Got back today after several days down South for the deer hunt. I enjoyed the hunting but the fishing almost never disappoints where we go. (I bet the same can be said for a number of places.)

The day before the opener, I had a few hours to hit Kingston canyon. Numbers were off the hook, but the average size was a bit smaller this time. There were exceptions however.



A couple days later, a buddy and I hit Otter creek for a few hours after having to head to town to deal with some mechanical issues. It wasn't fast there, but the 2 I caught were pigs. One fish fed both of us that evening. Alas, no pics there.

A couple days later, I had some time to kill in the afternoon and tried a small stream I had never hit before. The fish were skittish, but with stealth, plenty were caught, some with surprising size.

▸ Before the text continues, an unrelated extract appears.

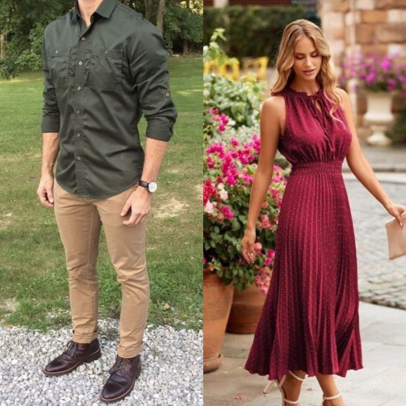 Mulheres: Ao escolher o vestido, pedimos que evitem o uso da cor branca e azul. Em caso de dúvida, fique à vontade para mandar uma foto do vestido para a noiva. O casamento será no campo, então vista seu sapato mais confortável.

Good luck if you head out for the 2nd weekend of the hunt or are heading out just to fish.


----------



## Packfish (Oct 30, 2007)

It just doesn't get better than that , be it Big Game/Fish or Upland Birds/Fish- just one the extreme pleasures of life associated with the fall and what a great fall it has been.


----------



## LostLouisianian (Oct 11, 2010)

There was one spot we hunted in Louisiana when I was a kid and my grandpa almost always brought fishing gear during the duck hunt to that spot. It wasn't unusual for him to come home with a limit of ducks and a dozen or two nice slab crappie.


----------